Because you used an arrow function, `this` is _not_ {hippy: 'hipster'}. You
can’t rebind functions; once they’re bound, they’re bound.

------
scandox
> bind is a method that is present in every function

There is surely a world of unexplained knowledge in that line for someone that
doesn't know JS well

------
FeepingCreature
In Jerboa, my JS-inspired scripting language, there's an alternative to the
"function" keyword called "method". The only difference is that "method"
functions expose `this' and "function" functions don't.

This removes the need for the `var self = this' hack and all the related
weirdness.

An amusing consequence is that if you declare a simple closure as a method,
its `this' pointer will be the stackframe of the lexical context where it is
called.

    
    
        method test() { print(this.a); }
        var a = 5;
        test(); /* implicitly __stackframe__.test() */
    

(You should not actually do this, of course. It's fun though.)

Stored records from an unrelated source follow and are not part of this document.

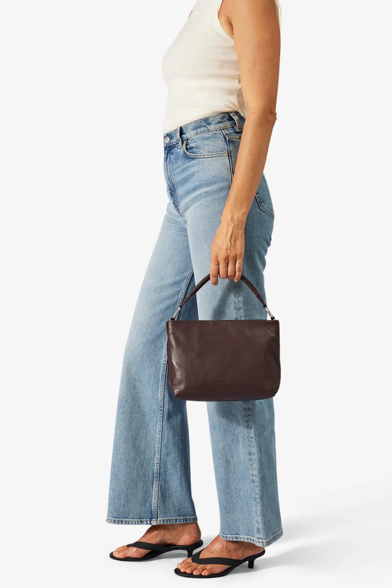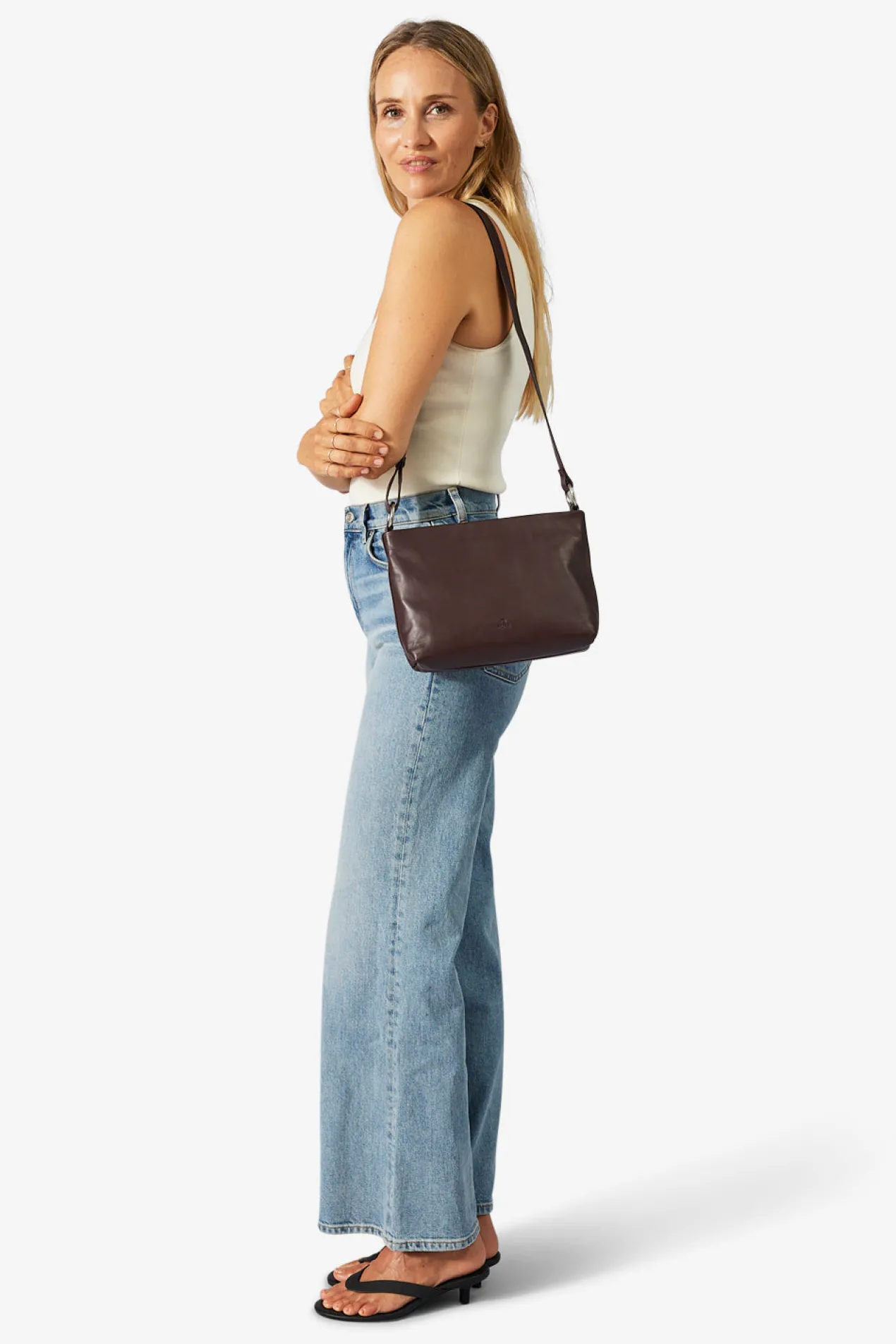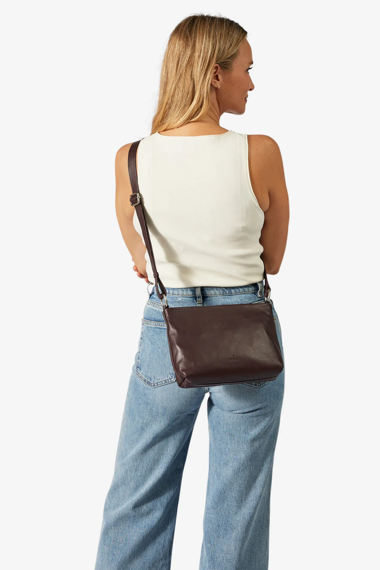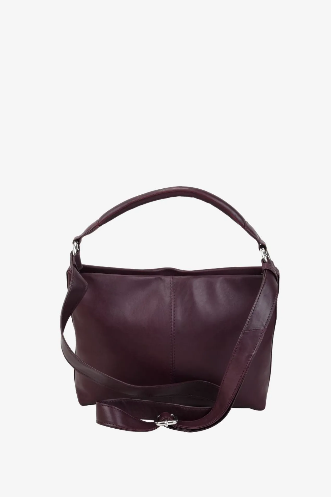 Klara shoulder bag in Amalfi leather from Adax. Klara comes with both a long adjustable strap and a short carrying handle. Both are removable, so you have the option to remove one of the straps. The bag closes at the top with a zipper closure. Inside there is one large compartment with an open leather pocket on one side and a small zipper pocket on the other. The bag comes with a tote bag and a small warranty leaflet that can be used as a card holder.
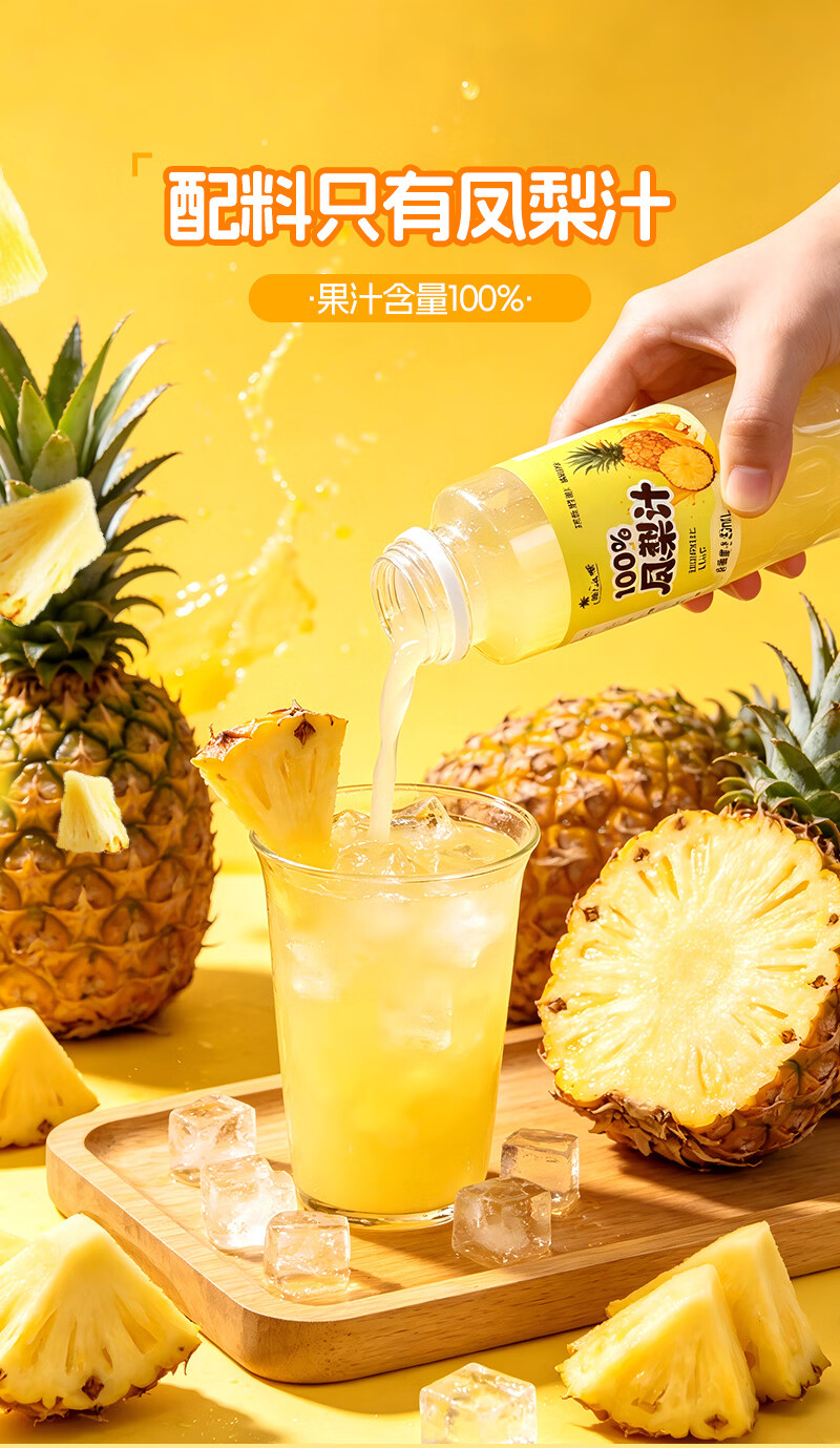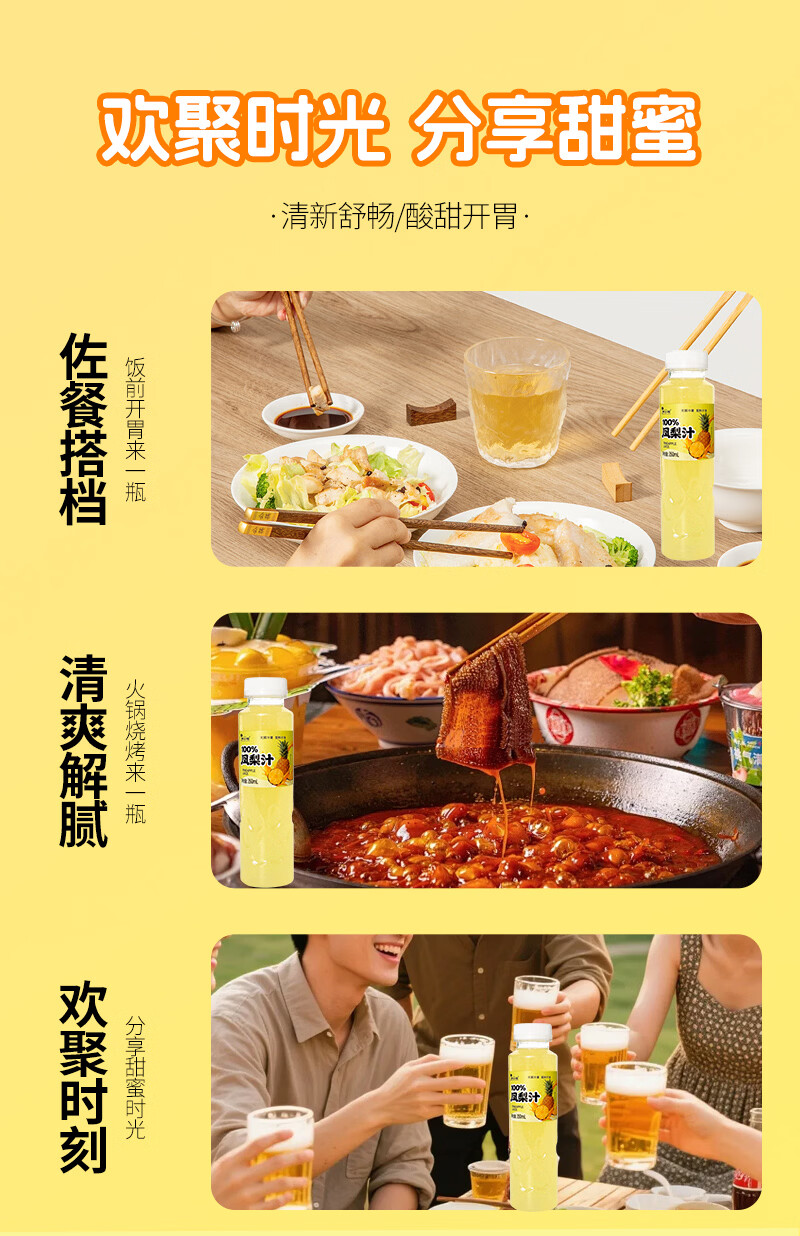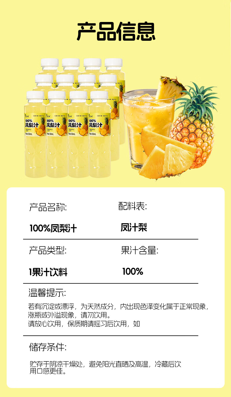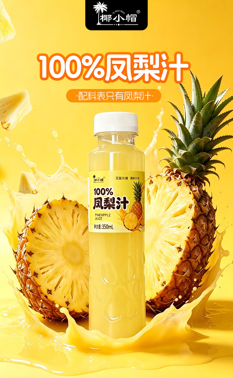 椰小帽100%凤梨汁350ml*6瓶整箱清甜爽口果味浓郁日期新鲜破损包赔 100%凤梨汁350ml*12瓶整箱
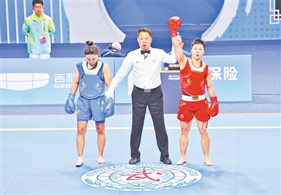 ??李玥瑤(紅)在散打女子52公斤級(jí)半決賽中,以12分優(yōu)勢(shì)戰(zhàn)勝藍(lán)方哈薩克斯坦選手,順利進(jìn)入決賽。 本報(bào)記者 李焱 攝
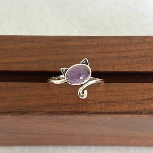 Sterling Silver 925 Oval Amethyst Cabochon Kitty Cat Band Ring
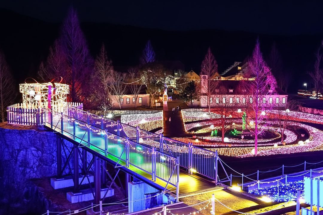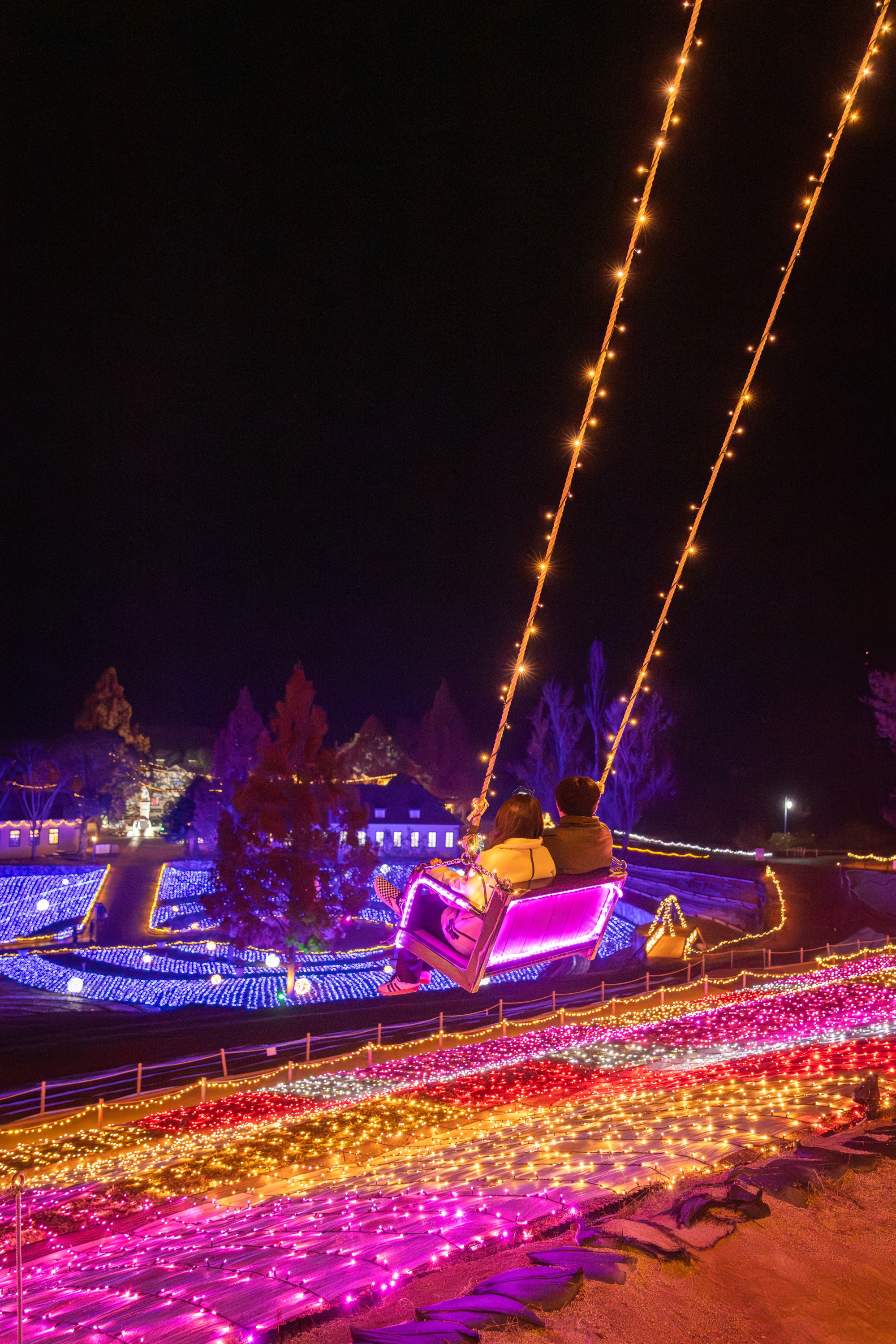 「おかやまフォレストパーク ドイツの森」では、イルミネーションを2025年11月22日(土)~2026年2月15日(日)の金・土・日曜日、祝日と年末年始の期間中開催。園内はおよそ30万球のLEDの装飾が施され、花のモニュメントやプレゼントボックス、光るチューチュートレインや大きな森のブランコなど、写真映えスポットが充実。幻想的な世界をお楽しみください。

The reason is straightforward: the `this' pointer is the object on whose
lookup the closure was found...

------
kough
So many new guides to `this` in the comments here. Not sure why this blog post
exists either. I agree with most people that JS is confusing to people who are
used to OOP programming in Python or Ruby, and that "this" is one of the most
confusing parts. The best resource I've found is
[https://bonsaiden.github.io/JavaScript-
Garden/#function.this](https://bonsaiden.github.io/JavaScript-
Garden/#function.this) . Free, online, concise, accurate.

------
vkjv
Here's a fun one about `this` that you might not know. When running `eval`,
`this` refers to the `this` in the calling context. Unless you alias the
method. Then it refers to the global context.

    
    
        class Test {
            eval() {
                return eval('this');
            }
    
            aliasEval() {
                const e = eval;
    
                return e('this');
            }
        }
    
        const test = new Test();
    
        assert.equal(test.eval(), test);
        assert.equal(test.aliasEval(), global);

------
dvt
_this_ is certainly tricky in JS :) I remember answering a question in a
similar vein on SO a few years ago:
[https://stackoverflow.com/questions/6039265/50-50-false-50-5...](https://stackoverflow.com/questions/6039265/50-50-false-50-50-true/6039428#6039428)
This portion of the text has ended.